Haonan Ge, Yiwei Wang, Kai-Wei Chang, Hang Wu, Yujun Cai

Outline

FrameMind is an end-to-end reinforcement learning framework based on the Frame-Interactive Chain of Thought (FiCOT), developed to overcome the limitations of existing video understanding models that rely on fixed frame sampling strategies. It alternates between text inference and active visual recognition, utilizing tools to extract specific frames or video clips based on knowledge gaps. The dynamic sampling policy, learned through Dynamic Resolution Frame Sampling (DRFS) and DRFS-GRPO, learns various spatiotemporal trade-offs and learns from outcome-based rewards without frame-level annotations.

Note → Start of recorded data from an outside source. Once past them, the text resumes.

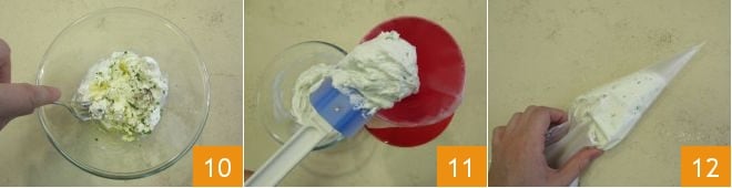 und alles verrühren, um es zu verbinden 10. Sobald eine homogene Creme entstanden ist, füllen Sie sie in einen Einweg-Spritzbeutel 11 mit 6 mm Sterntülle.
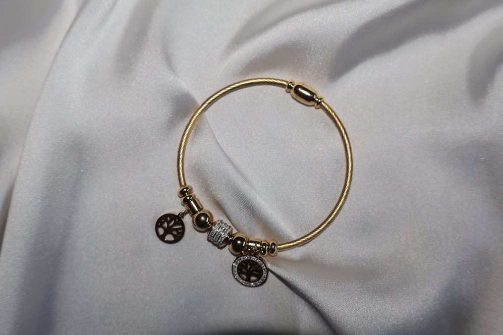 Altın renginde, 14K kaplama, iki hayat ağacı figürüyle sade ve bohem tarzda günlük kullanıma uygun. Charm Bileklik
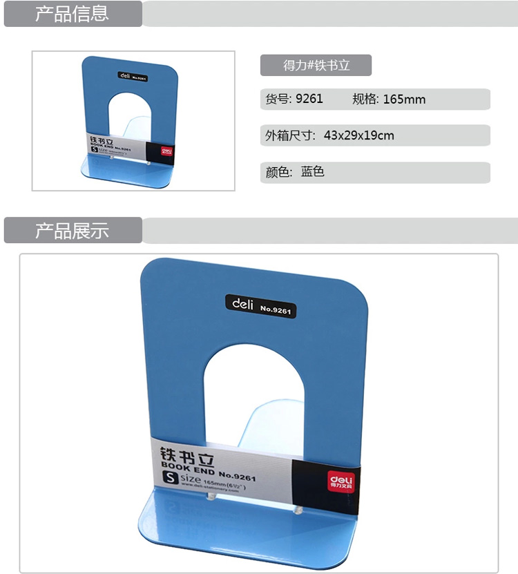 商品名稱:得力9261鐵書立 鐵書架 辦公書立 辦公用品 書欄 小號(hào) 1對(duì)
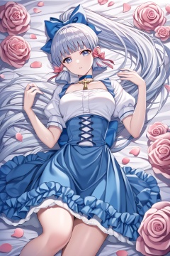 score_9,score_8_up,score_7_up,score_6_up,score_5_up,score_4_up,source_anime,source_cartoon,<lora:kamisato ayakaTponyXL-000008:1>,kamisato ayaka, 1girl, solo, flower, short sleeves, grey eyes, bow, rose, skirt, long hair, lying, on back, blunt bangs, looking at viewer, puffy sleeves, shirt, white shirt, hair bow, pink flower, parted lips, blunt tresses, puffy short sleeves, breasts, blue bow, ponytail, pink rose, alternate costume, grey hair, choker, frills, high-waist skirt, hand up, feet out of frame, ribbon, hair ribbon, cross-laced clothes, blue choker, tress ribbon, blue skirt, sidelocks, grey hair, medium breasts, petals, grey hair
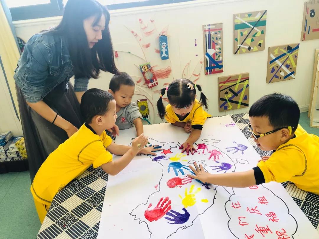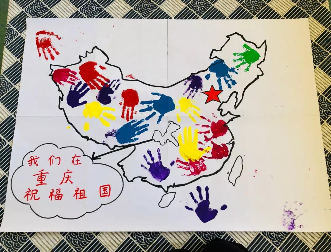 “重慶是直轄市,我是重慶娃。這座城市有很多的高樓、有我喜歡的游樂場,有很多愛我的人,生活在這里我很幸福?!?孩子們在地圖上找出“首都北京”和“家鄉(xiāng)重慶”的位置,印下自己的手掌印。
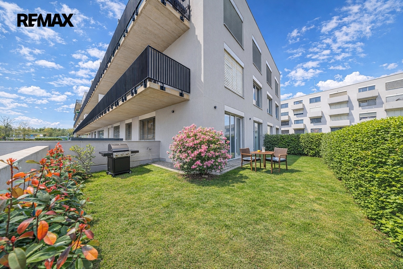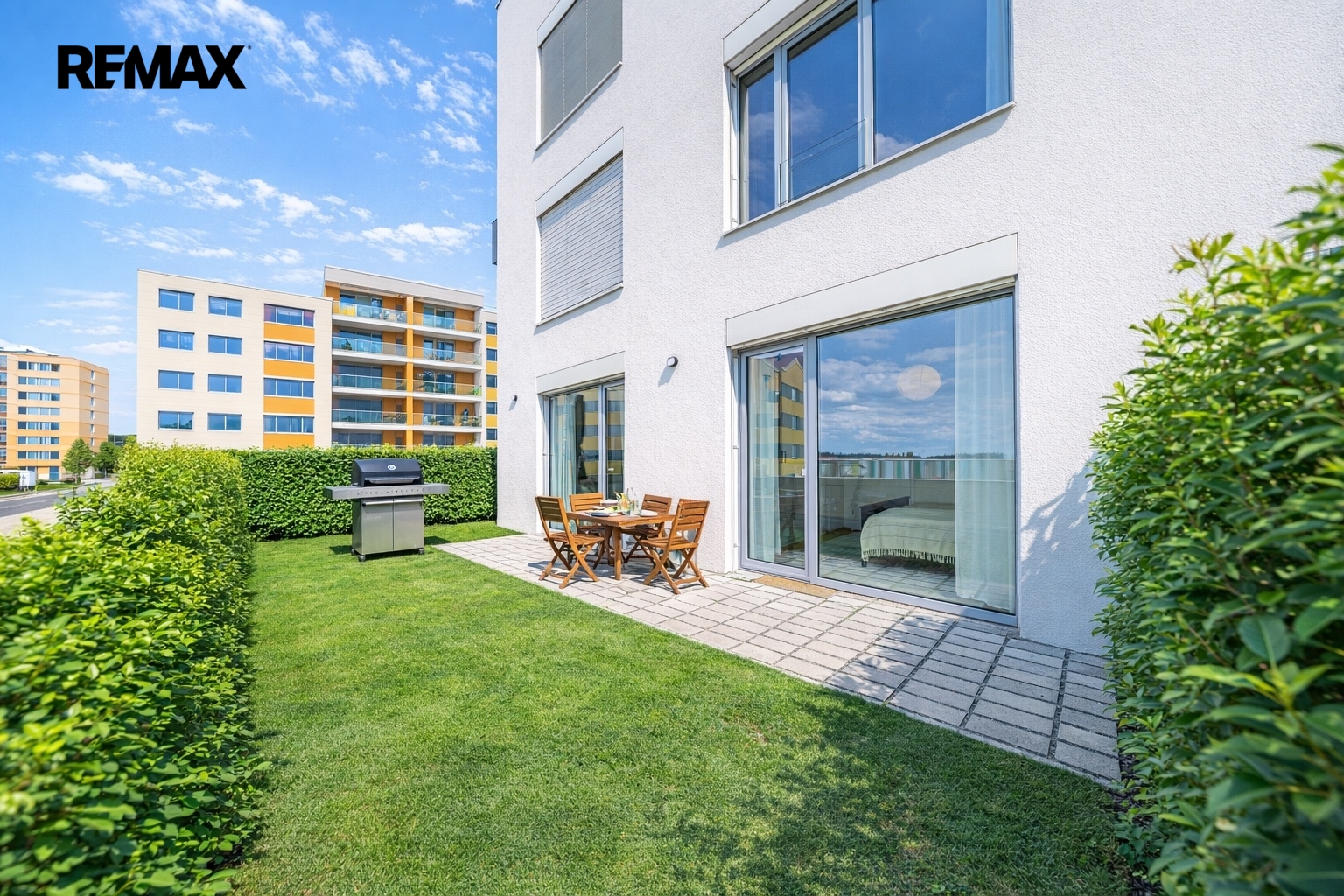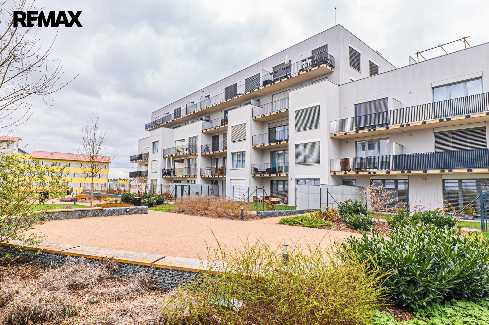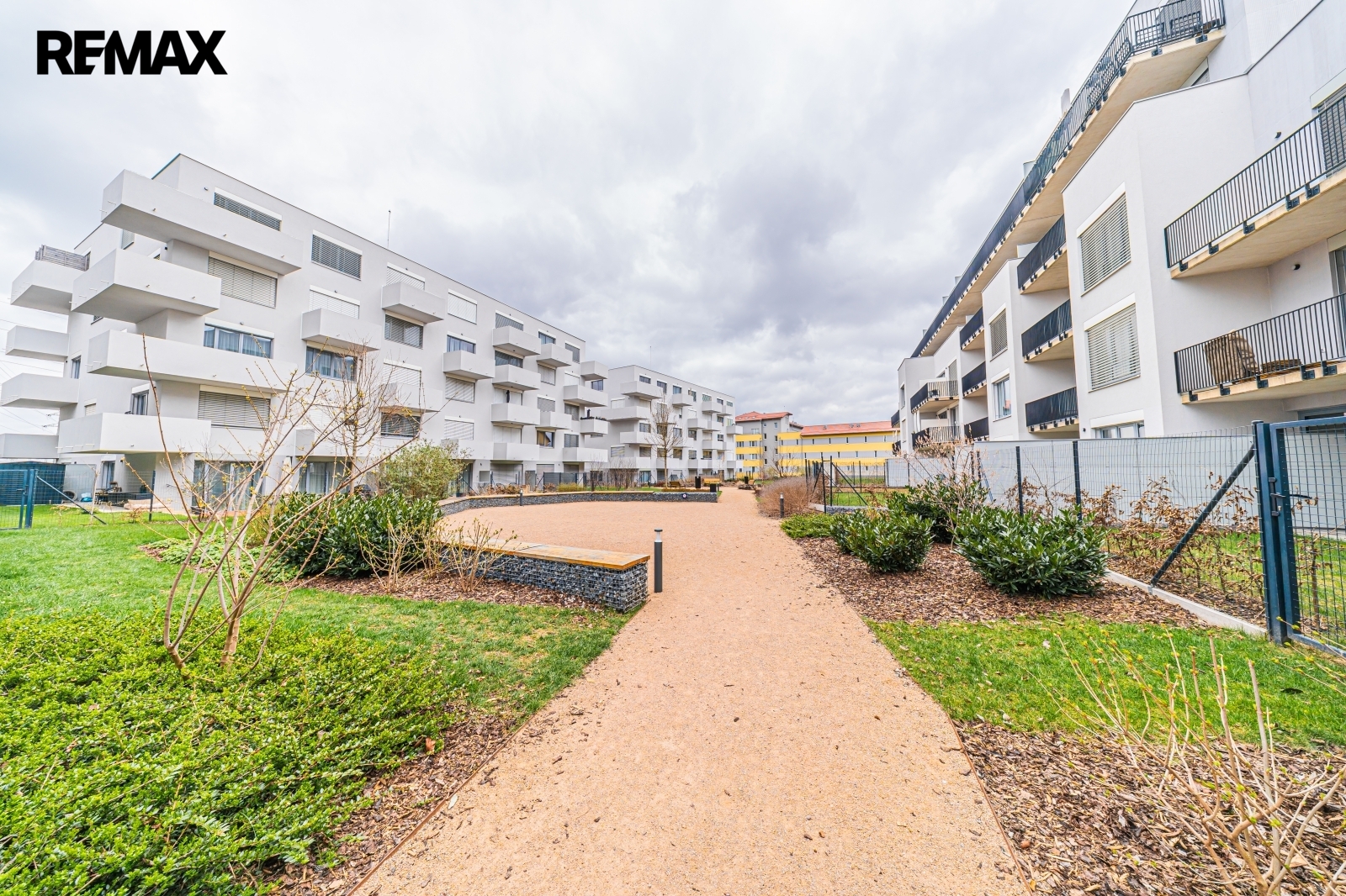 K domu dále náleží uzavřené společné prostranství ve vnitrobloku osazené zelení a lavičkami. Je vhodné k posezení i jako bezpečný prostor pro Vaše děti.
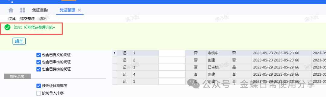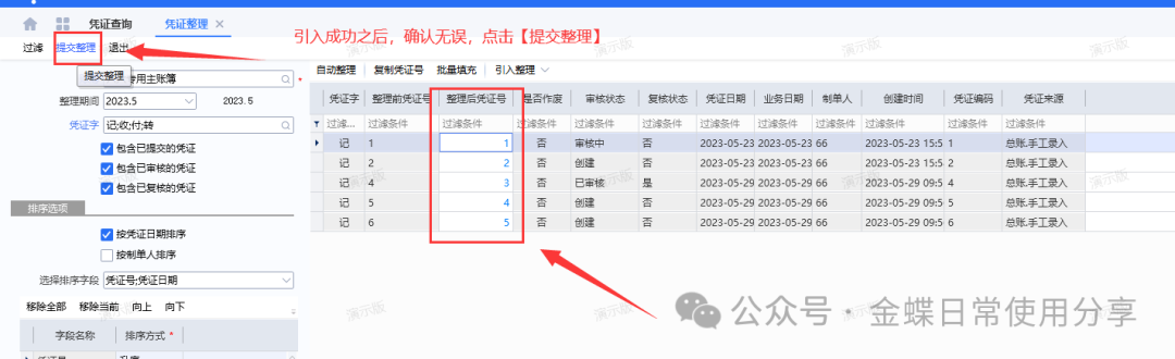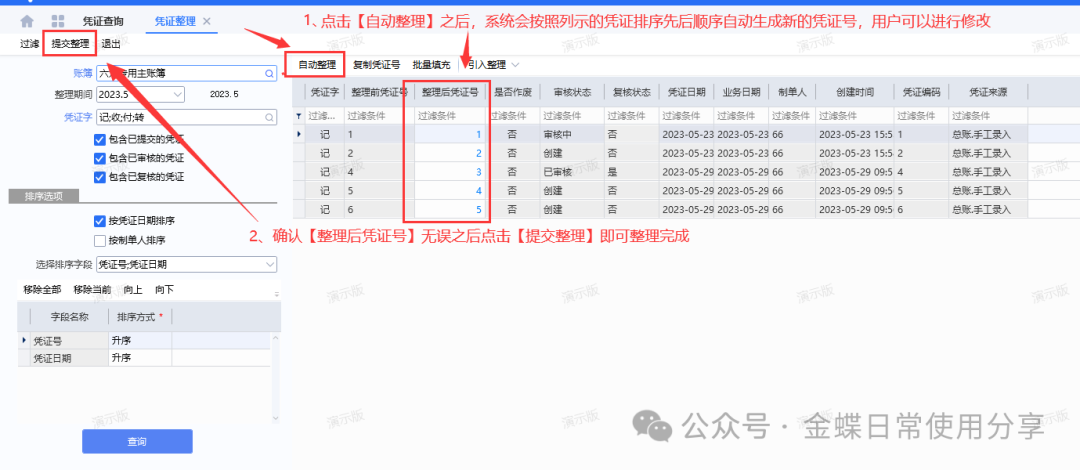 1)、自动整理:点击“自动整理”,系统将自动将当前的过滤出来的凭证列示数据自动生成【整理后的凭证号】,用户可以手工修改调整,如果确认无误之后,点“提交整理”即可。
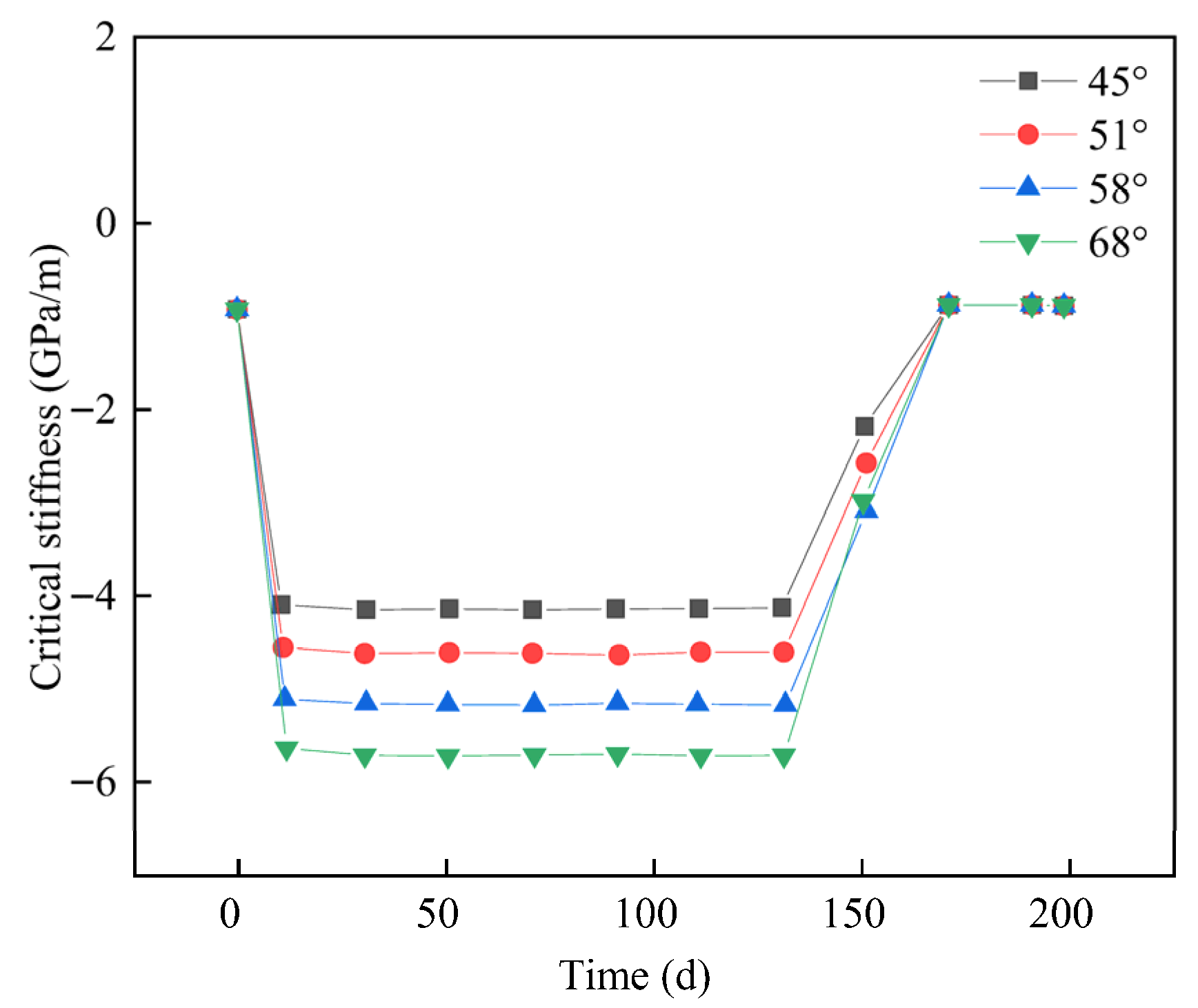 The evolution of critical stiffness under different dip angles is shown in

It has demonstrated superior performance compared to existing models on benchmarks such as MLVU and VideoMME.

Takeaways, Limitations

Takeaways:
Improving video understanding performance through dynamic visual information requests using reinforcement learning.
Interaction between text inference and visual perception through FiCOT.
Learning effective dynamic sampling policies using DRFS and DRFS-GRPO.
Achieved SOTA on MLVU and VideoMME benchmarks.
Limitations:
Further research is needed on the ability to identify specific knowledge gaps and select appropriate frames.
Further evaluation of the generalization ability of DRFS and DRFS-GRPO is needed.
Scalability verification for complex video data is required.
Computational cost and training time.